In contrast to sensory arrest peptides such as TnaC, the folding of the PepNL nascent peptide within the tunnel is independent of an arrest inducer. Instead, PepNL utilizes the stop codon read-through as an “arrest inhibitor”. This framework makes PepNL a metabolite-sensing arrest peptide that functions in a distinct way from the previously studied RAPs. However, the PepNL nascent peptide, which forms a mini hairpin, could cause steric clashes not only with RF2 but also with Trp-tRNATrp (Supplementary Fig. 7f). Furthermore, after stop codon read-through, the ribosome exhibited a slower migration rate (approximately one aa/min, Fig. 5e) compared to the reported elongation velocity in the PURE system (4.8 ~ 26.4 aa/min71,72,73). These suggest that the hairpin structure may inhibit not only the termination process but also stop codon read-through and subsequent translation elongation (Fig. 5e, Supplementary Fig. 7e). These together indicate that the read-through hardly releases the PepNL-arrested ribosome. What accounts for this discrepancy? Although we have not obtained direct evidence in this study, we predict that the PepNL nascent peptide does not form the hairpin structure immediately after synthesis (the pre-arrest state in Fig. 5f). At this stage, Trp-tRNATrp could efficiently read through the UGA15 stop codon, thereby preventing translation arrest (Fig. 5f, top). However, once the hairpin structure forms, it inhibits termination by RF2 and read-through by Trp-tRNATrp (Fig. 5f, bottom). Therefore, since PepNL relies on its unique hairpin structure for translation arrest, PepNL may utilize the “time” required for folding as an arrest inducer. This concept is reminiscent of how SpeFL relies on non-optimal rare codons for effective regulation, potentially promoting the folding of its N-terminal sensor domain by slowing translation34. Further analyses are necessary to clarify this hypothesis in greater detail.
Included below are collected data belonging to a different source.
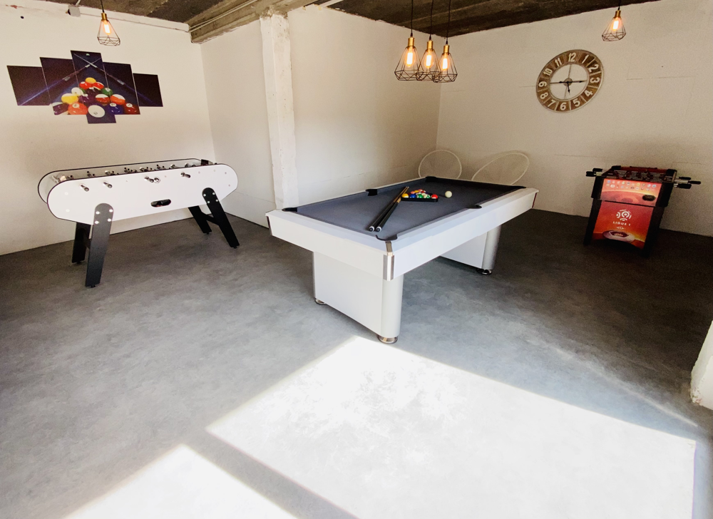 Salle de jeux avec billard , baby foot adulte, baby foot enfant , coin lecture, ouvert tous les jours de 8 h à 22 h .
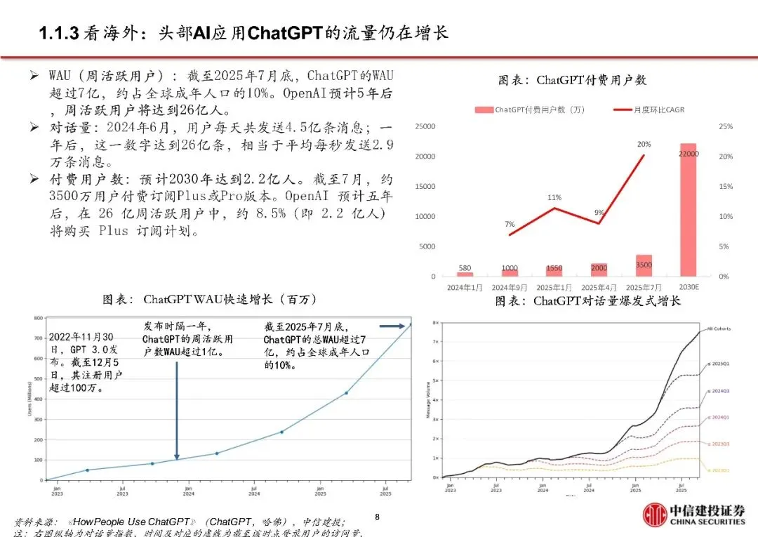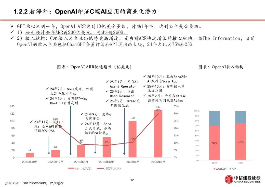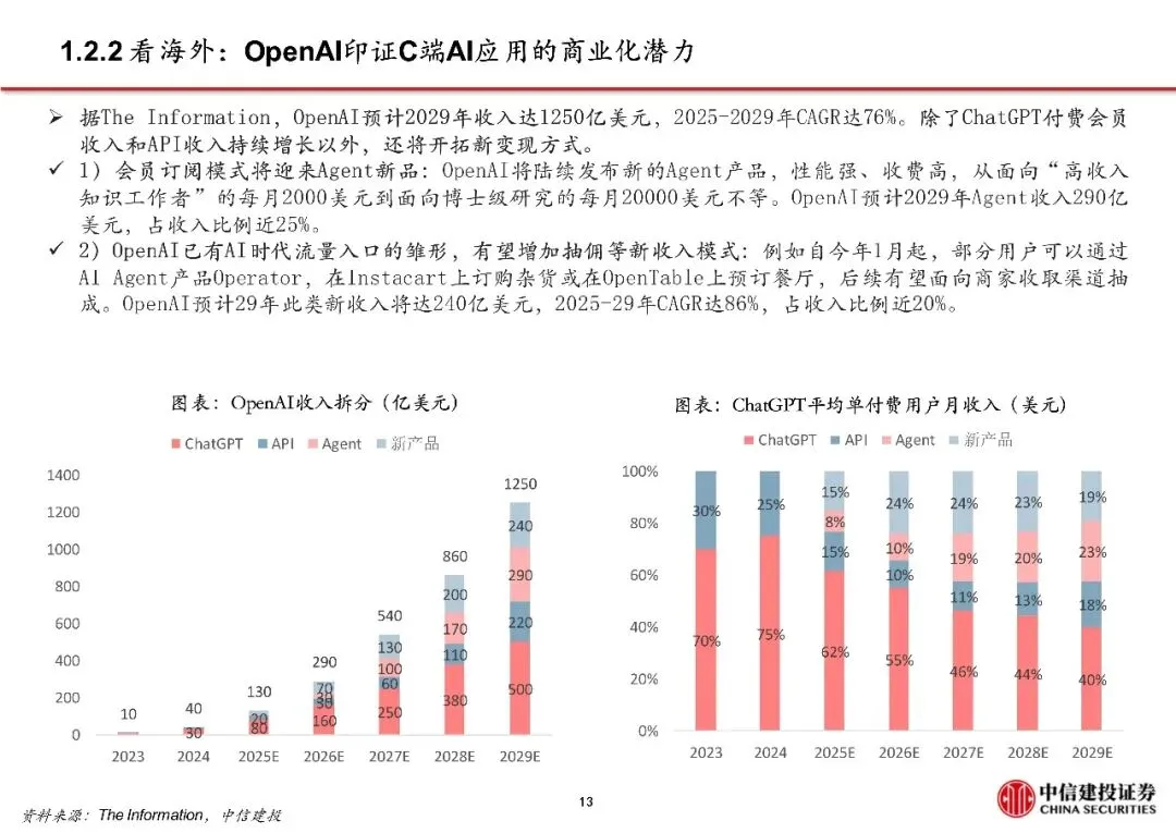 AI应用商业化有望加速,远超移动互联网时期。当前流量已被头部大厂占据,无需从零积累用户;同时可复用移动互联网成熟的变现模式。OpenAI的ARR在两年内从10亿增至近200亿美元,验证了C端AI应用的商业潜力。其收入结构中C端订阅占75%,并计划推出每月2000-20000美元的Agent新品,预计2029年Agent收入占比将达25%,渠道抽成等新收入模式贡献240亿美元,显示出清晰的盈利前景。
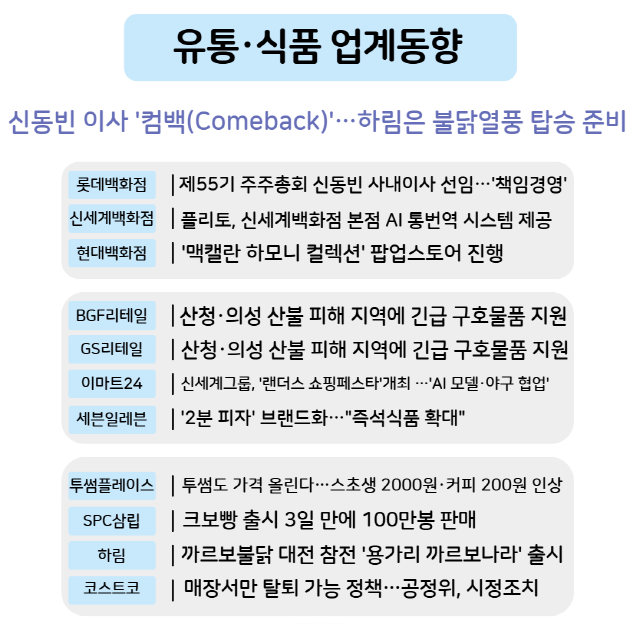 (서울=NSP통신) 옥한빈 기자 = 신동빈 롯데그룹 회장이 5년 만에 롯데쇼핑 사내이사에 복귀했다. 최근 롯데쇼핑의 실적악화에 따라 책임경영을 강화한다는 취지다. 신 회장은 지난 2019년 12월 롯데쇼핑 사내이사 임기 만료 3개월을 앞두고 사임한 바 있다. 롯데칠성 사내이사를 내려놓고 돌아온 만큼 롯데 백화점, 마트, 하이마트, 이커머스 등의 회사들의 변화가 주목해 볼만하다. 하림은 삼양식품의 불닭볶음면 대히트에 편승했다. 까르보 용가리불볶음면(컵)을 내놓으며 또다시 유사제품 논란이 일고 있지만 법적인 처벌은 어려운 실정이다. 불닭신제품 출시가 최근 매출액과 영업이익이 꾸준히 줄고 있는 중 돌파구가 될 수 있을지 관심을 끈다.
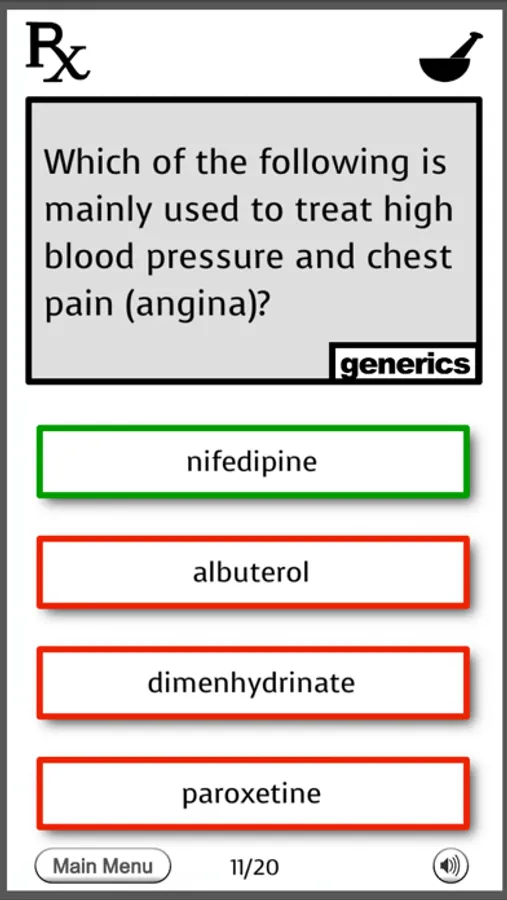 *In the Indications and Category quiz mode you'll be able to switch back and forth between seeing the brand or generic for each medicine listed with the click of a button. This way you can answer these questions by only seeing the brands OR generics if you want.
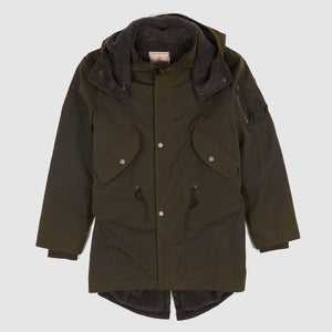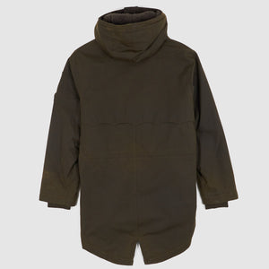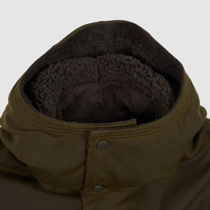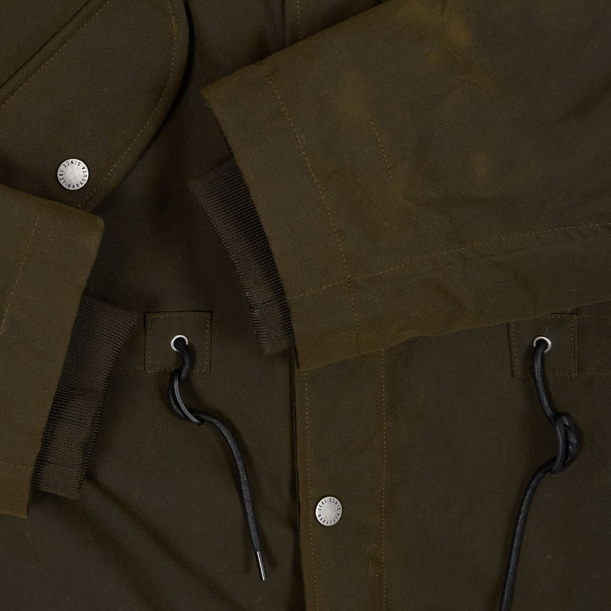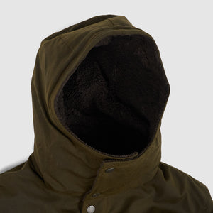 Engineered for the elements, this waxed cotton parka is crafted in collaboration with British Millerain, featuring a loose, comfortable fit and a Thermore® EcoFill insulation made from recycled plastic bottles. Designed with a removable hood, handwarmer chest pockets, and an adjustable waist drawcord, it combines rugged functionality with eco-conscious warmth. The teddy bear-effect lining adds a touch of comfort, making it ideal for both wilderness trails and urban adventures.
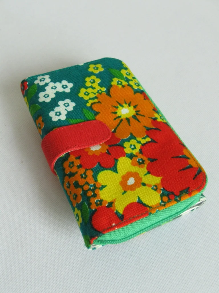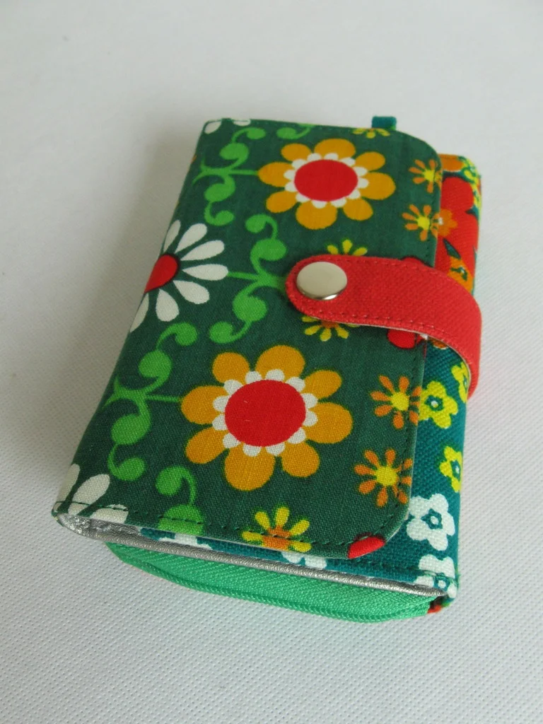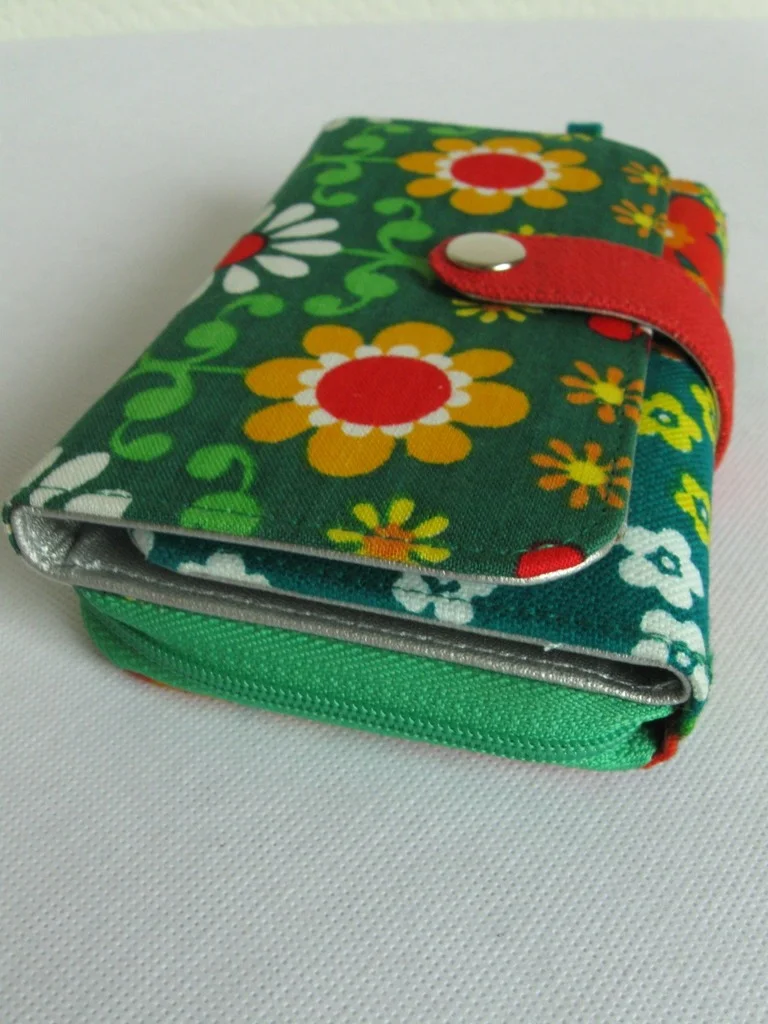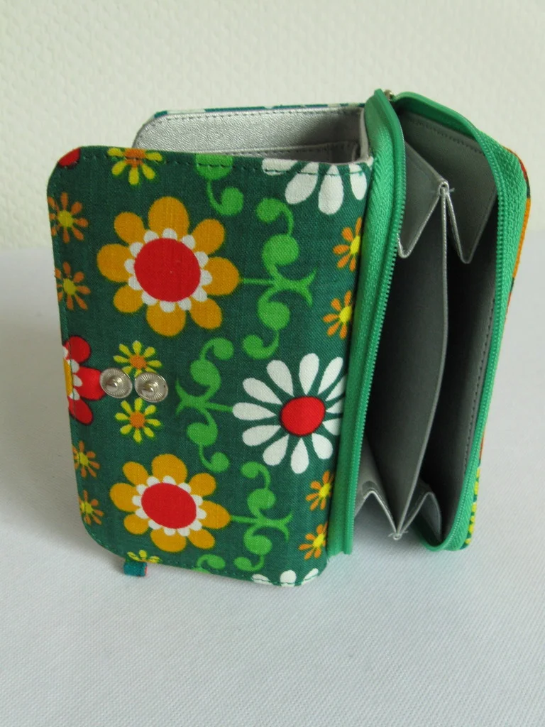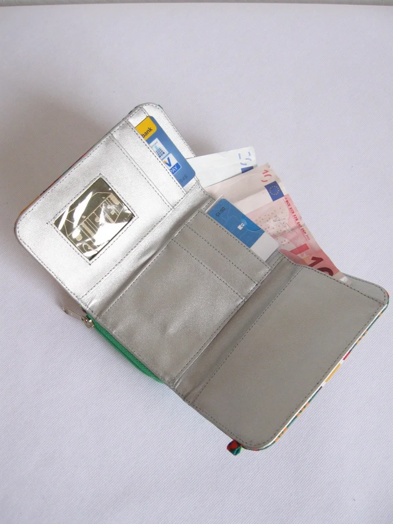 Portemonnaie aus Designerstoff, mit zwei Druckknöpfen zum Schließen.
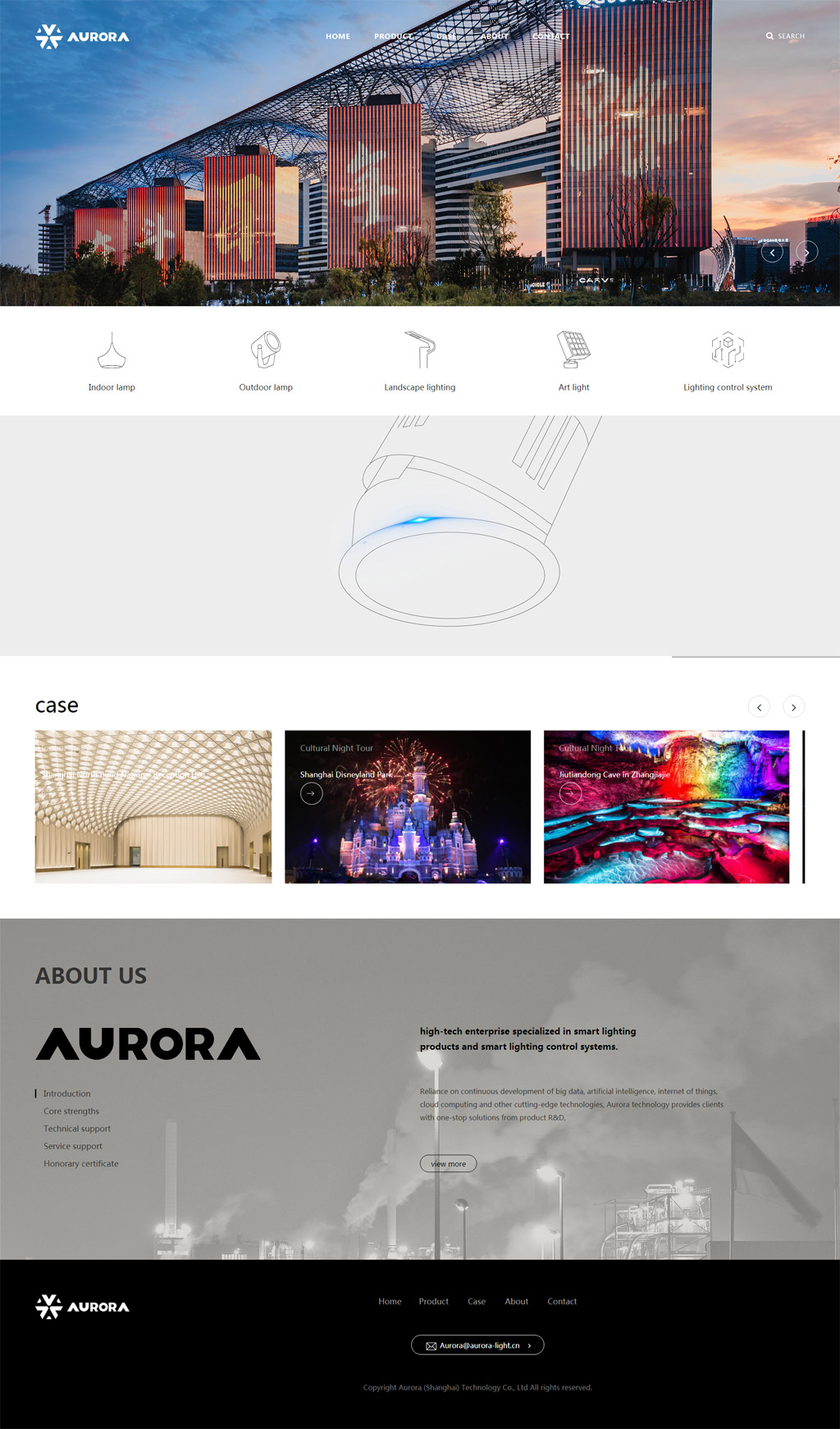 Aurora (Shanghai) Technology Co , Ltd is committing to providing customized smart lighting products and reliable smart lighting control systems for global clients With leading innovative research and development capabilities, excellence quality of product management, and “client always first” service guarantee, Aurora(Shanghai)is moving towards a world-class Chinese brand

The translation of pepNL regulates the expression of the downstream gene, pepN (Supplementary Fig. 1e, 3c). The ViennaRNA prediction program74,75 indicated the presence of stem-loop structures surrounding the stop codon of pepNL, as well as near the Shine-Dalgarno (SD) sequence and the initiation codon of pepN (Supplementary Fig. 9a). However, the SD-masking stem-loop does not seem to be affected by translation arrest at the pepNL stop codon (Supplementary Fig. 9b). Further studies are needed to clarify the detailed regulatory mechanism involved. PepN, an endopeptidase, degrades not only oligopeptides but also full-length polypeptides with broad substrate specificity76. In nutrient-limited conditions, PepN plays a crucial role in adaptation through the reproduction of free amino acids77. These characteristics suggest that the correlation between the PepN activity and the intracellular amino acid concentration holds significance for environmental adaptation.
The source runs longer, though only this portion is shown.